Try it:
When you write out the listing, keep every character and omit the pictures.

The data:
<<<<
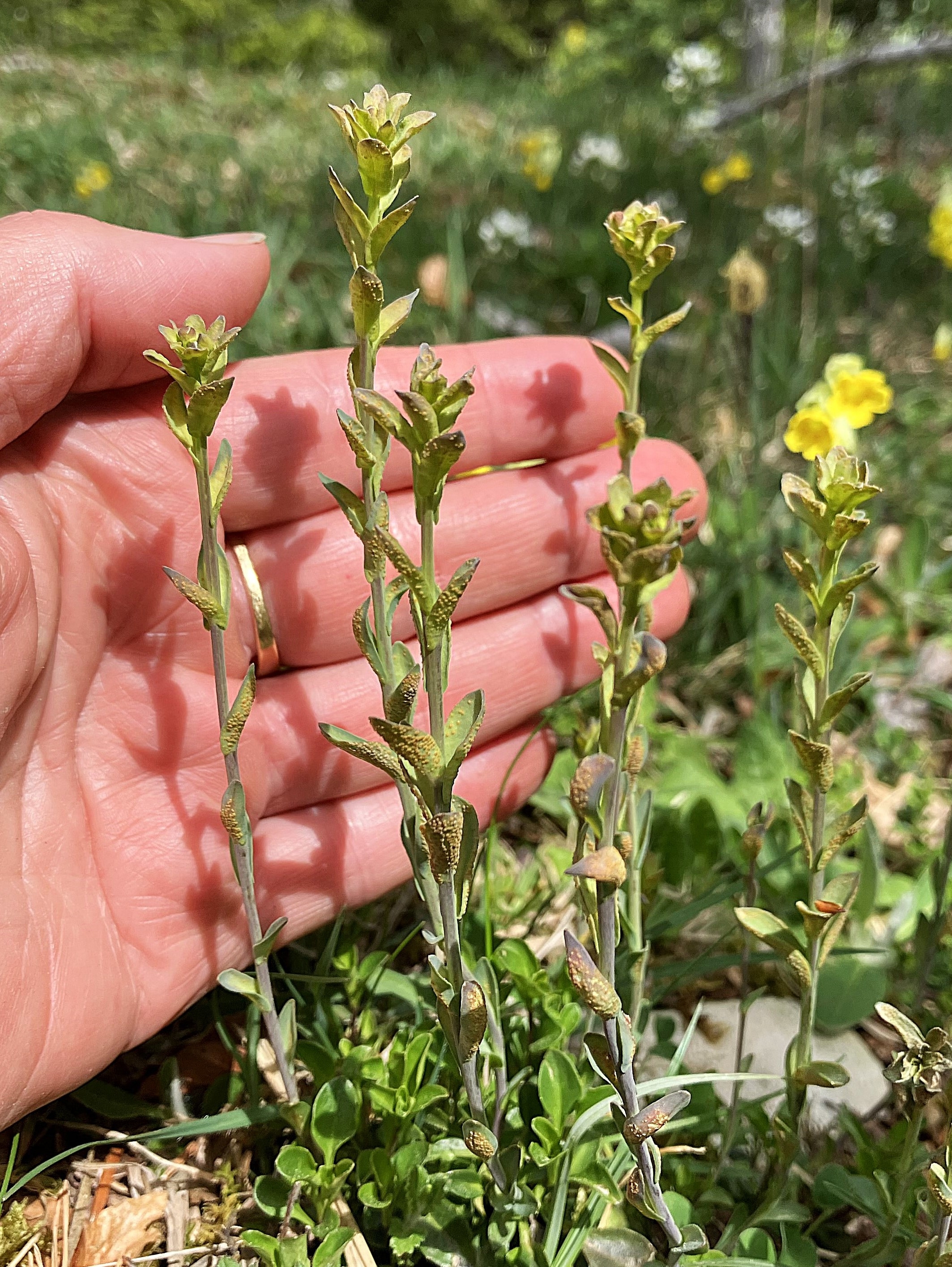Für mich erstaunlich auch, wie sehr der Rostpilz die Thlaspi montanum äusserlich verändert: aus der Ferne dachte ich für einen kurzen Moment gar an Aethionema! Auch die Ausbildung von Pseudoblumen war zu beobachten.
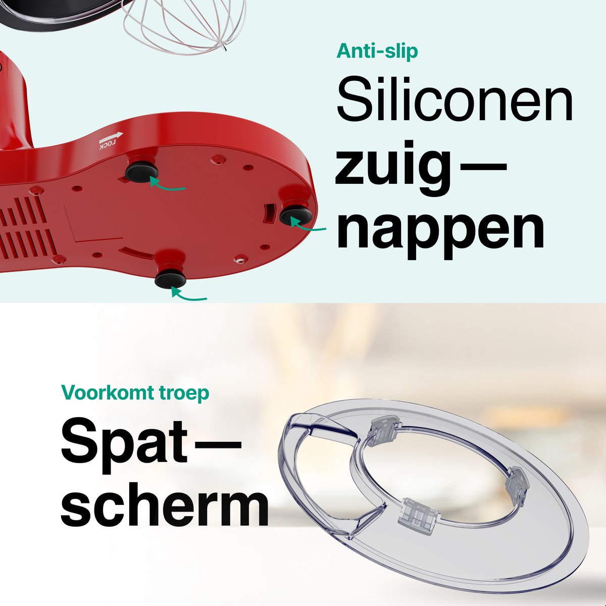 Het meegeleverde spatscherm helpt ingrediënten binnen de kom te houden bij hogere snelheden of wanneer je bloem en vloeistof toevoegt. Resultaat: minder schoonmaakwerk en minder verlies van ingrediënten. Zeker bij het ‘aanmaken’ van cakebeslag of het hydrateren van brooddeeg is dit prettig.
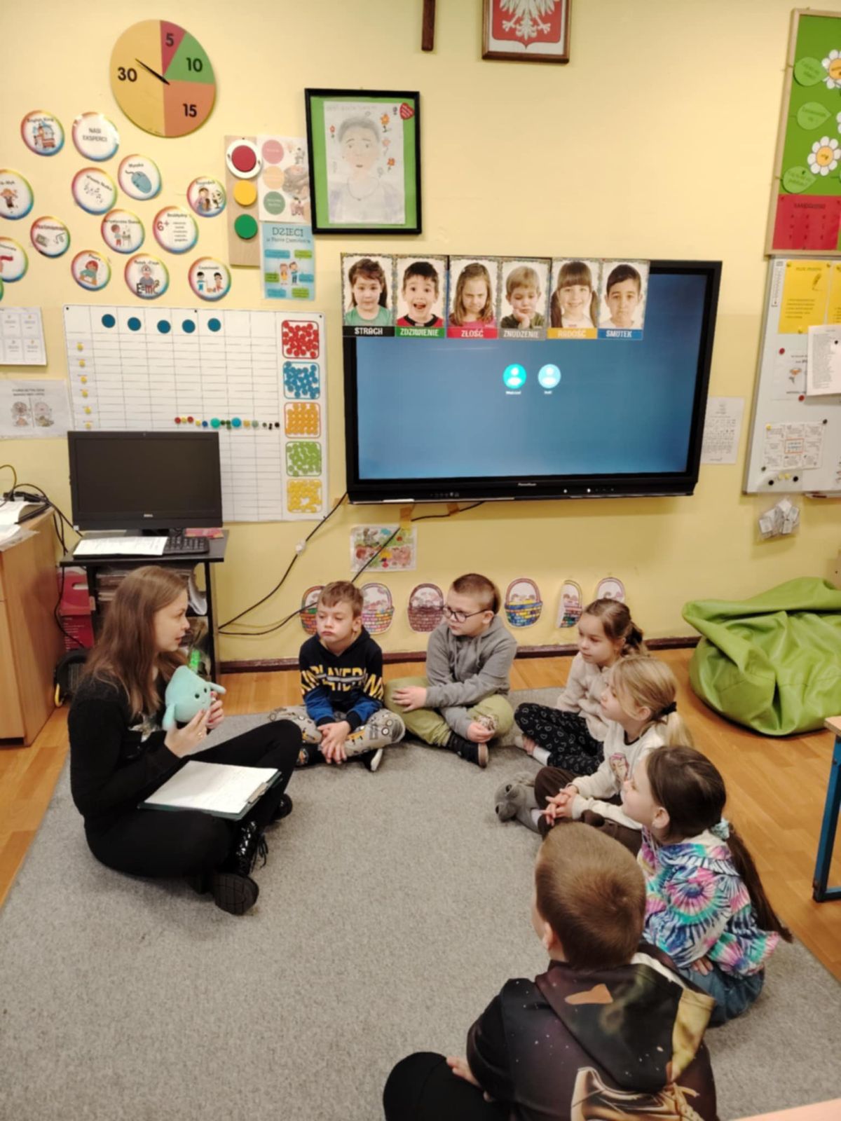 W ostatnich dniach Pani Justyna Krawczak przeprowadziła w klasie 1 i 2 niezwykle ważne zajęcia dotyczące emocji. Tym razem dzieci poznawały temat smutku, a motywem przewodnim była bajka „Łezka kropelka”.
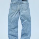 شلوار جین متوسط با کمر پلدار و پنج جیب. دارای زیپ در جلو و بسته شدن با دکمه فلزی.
>>>>
Response to this exercise:
Für mich erstaunlich auch, wie sehr der Rostpilz die Thlaspi montanum äusserlich verändert: aus der Ferne dachte ich für einen kurzen Moment gar an Aethionema! Auch die Ausbildung von Pseudoblumen war zu beobachten.
 Het meegeleverde spatscherm helpt ingrediënten binnen de kom te houden bij hogere snelheden of wanneer je bloem en vloeistof toevoegt. Resultaat: minder schoonmaakwerk en minder verlies van ingrediënten. Zeker bij het ‘aanmaken’ van cakebeslag of het hydrateren van brooddeeg is dit prettig.
 W ostatnich dniach Pani Justyna Krawczak przeprowadziła w klasie 1 i 2 niezwykle ważne zajęcia dotyczące emocji. Tym razem dzieci poznawały temat smutku, a motywem przewodnim była bajka „Łezka kropelka”.
 شلوار جین متوسط با کمر پلدار و پنج جیب. دارای زیپ در جلو و بسته شدن با دکمه فلزی.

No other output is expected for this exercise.